Assignment –
Leave out every picture and set down, exactly, the lines below from the one holding "Personal de Policía" up to and including the one holding "- stack의 가장".

*** Opening of Working data ***

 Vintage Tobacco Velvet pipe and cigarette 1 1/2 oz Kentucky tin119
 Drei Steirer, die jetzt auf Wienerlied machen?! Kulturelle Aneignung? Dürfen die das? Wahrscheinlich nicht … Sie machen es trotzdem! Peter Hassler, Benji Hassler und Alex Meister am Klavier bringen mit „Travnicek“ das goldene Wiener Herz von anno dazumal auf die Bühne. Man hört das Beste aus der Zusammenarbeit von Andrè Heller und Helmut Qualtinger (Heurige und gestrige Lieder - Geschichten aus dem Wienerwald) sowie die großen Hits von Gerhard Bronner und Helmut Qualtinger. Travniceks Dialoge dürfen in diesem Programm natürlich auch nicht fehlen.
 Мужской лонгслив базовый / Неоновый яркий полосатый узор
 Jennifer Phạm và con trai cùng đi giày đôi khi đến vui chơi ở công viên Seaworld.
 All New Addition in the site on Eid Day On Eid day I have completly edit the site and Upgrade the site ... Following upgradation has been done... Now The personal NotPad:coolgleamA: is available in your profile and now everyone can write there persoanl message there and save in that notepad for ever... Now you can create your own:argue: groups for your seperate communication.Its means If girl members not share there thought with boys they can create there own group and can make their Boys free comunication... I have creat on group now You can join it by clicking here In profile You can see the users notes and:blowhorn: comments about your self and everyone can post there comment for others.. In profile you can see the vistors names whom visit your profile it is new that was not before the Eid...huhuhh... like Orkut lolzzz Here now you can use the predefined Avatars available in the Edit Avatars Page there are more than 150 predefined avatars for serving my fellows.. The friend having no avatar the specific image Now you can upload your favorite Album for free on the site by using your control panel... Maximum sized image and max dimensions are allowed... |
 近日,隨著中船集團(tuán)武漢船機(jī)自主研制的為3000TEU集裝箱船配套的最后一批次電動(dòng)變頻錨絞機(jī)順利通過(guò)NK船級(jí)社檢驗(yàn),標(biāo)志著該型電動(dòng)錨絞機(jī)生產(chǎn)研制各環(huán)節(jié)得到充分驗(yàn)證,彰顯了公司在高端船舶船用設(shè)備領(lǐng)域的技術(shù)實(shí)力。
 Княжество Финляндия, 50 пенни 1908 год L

*** Close of Working data ***
*** Opening of Working data ***

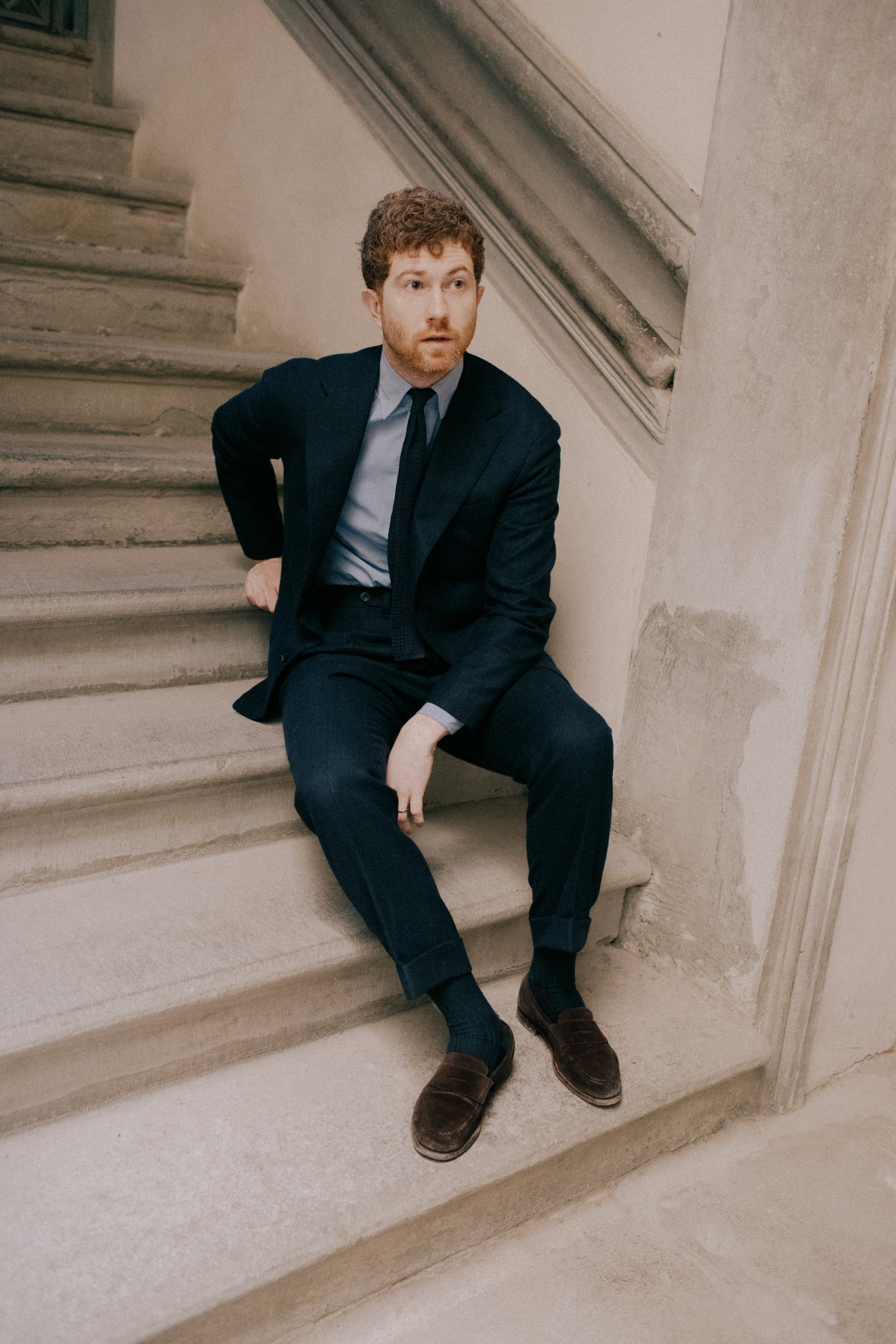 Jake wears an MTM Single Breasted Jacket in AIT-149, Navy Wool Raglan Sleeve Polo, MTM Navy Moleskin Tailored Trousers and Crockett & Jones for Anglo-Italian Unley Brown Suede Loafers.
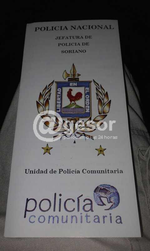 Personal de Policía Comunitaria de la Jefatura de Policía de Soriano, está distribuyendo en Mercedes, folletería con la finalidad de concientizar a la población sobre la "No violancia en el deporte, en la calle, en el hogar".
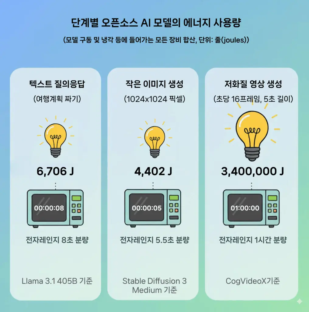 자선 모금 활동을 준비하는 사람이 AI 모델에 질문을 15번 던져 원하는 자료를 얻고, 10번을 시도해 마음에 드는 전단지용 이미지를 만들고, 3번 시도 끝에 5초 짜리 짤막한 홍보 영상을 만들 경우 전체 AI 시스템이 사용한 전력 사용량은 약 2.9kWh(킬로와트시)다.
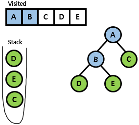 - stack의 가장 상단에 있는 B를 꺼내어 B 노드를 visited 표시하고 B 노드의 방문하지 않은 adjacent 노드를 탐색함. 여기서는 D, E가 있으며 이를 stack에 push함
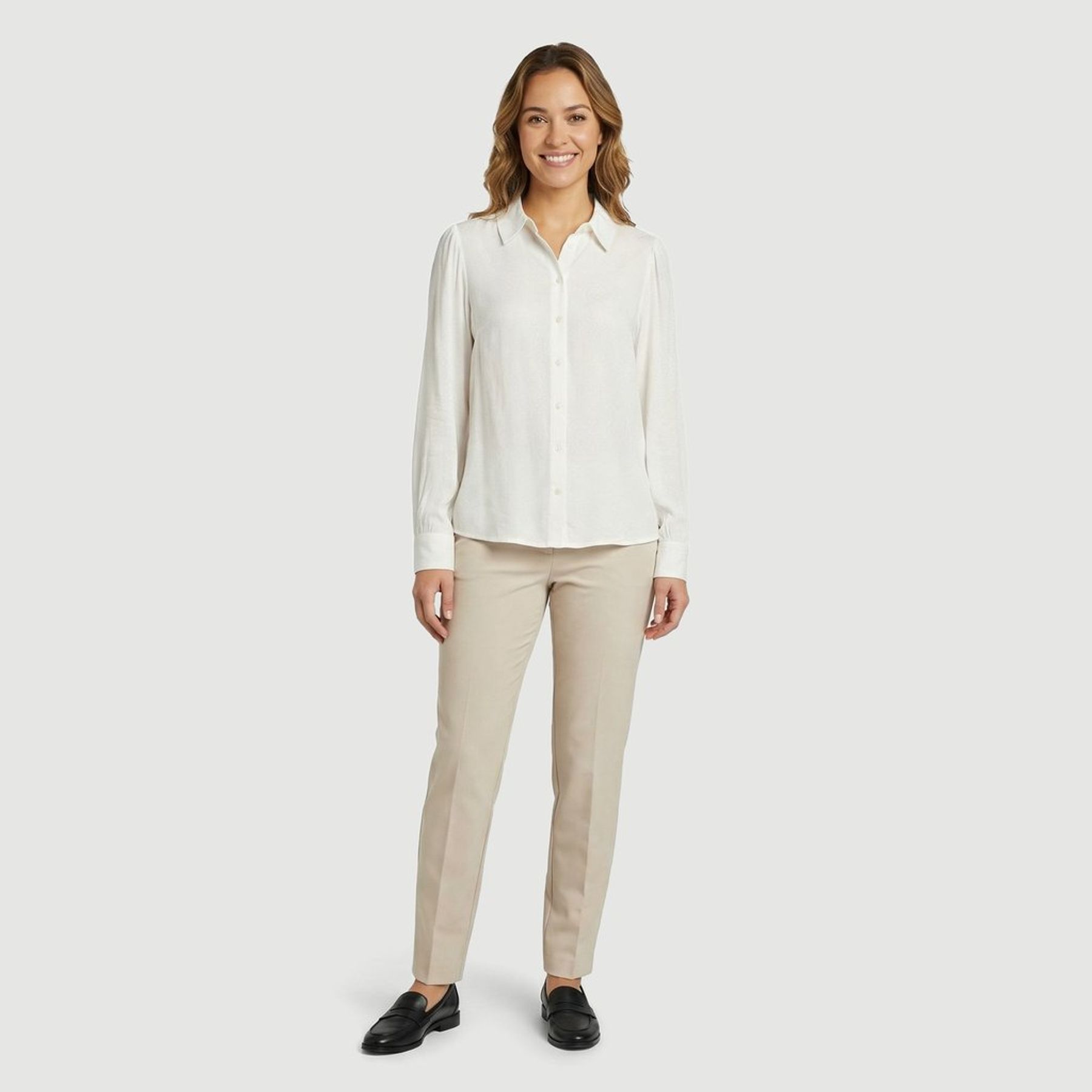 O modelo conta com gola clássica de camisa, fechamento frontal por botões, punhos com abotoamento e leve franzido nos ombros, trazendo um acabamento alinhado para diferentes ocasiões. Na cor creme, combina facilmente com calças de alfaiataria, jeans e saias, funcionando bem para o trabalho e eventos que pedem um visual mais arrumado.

*** Close of Working data ***

Answer section –
 Personal de Policía Comunitaria de la Jefatura de Policía de Soriano, está distribuyendo en Mercedes, folletería con la finalidad de concientizar a la población sobre la "No violancia en el deporte, en la calle, en el hogar".
 자선 모금 활동을 준비하는 사람이 AI 모델에 질문을 15번 던져 원하는 자료를 얻고, 10번을 시도해 마음에 드는 전단지용 이미지를 만들고, 3번 시도 끝에 5초 짜리 짤막한 홍보 영상을 만들 경우 전체 AI 시스템이 사용한 전력 사용량은 약 2.9kWh(킬로와트시)다.
 - stack의 가장 상단에 있는 B를 꺼내어 B 노드를 visited 표시하고 B 노드의 방문하지 않은 adjacent 노드를 탐색함. 여기서는 D, E가 있으며 이를 stack에 push함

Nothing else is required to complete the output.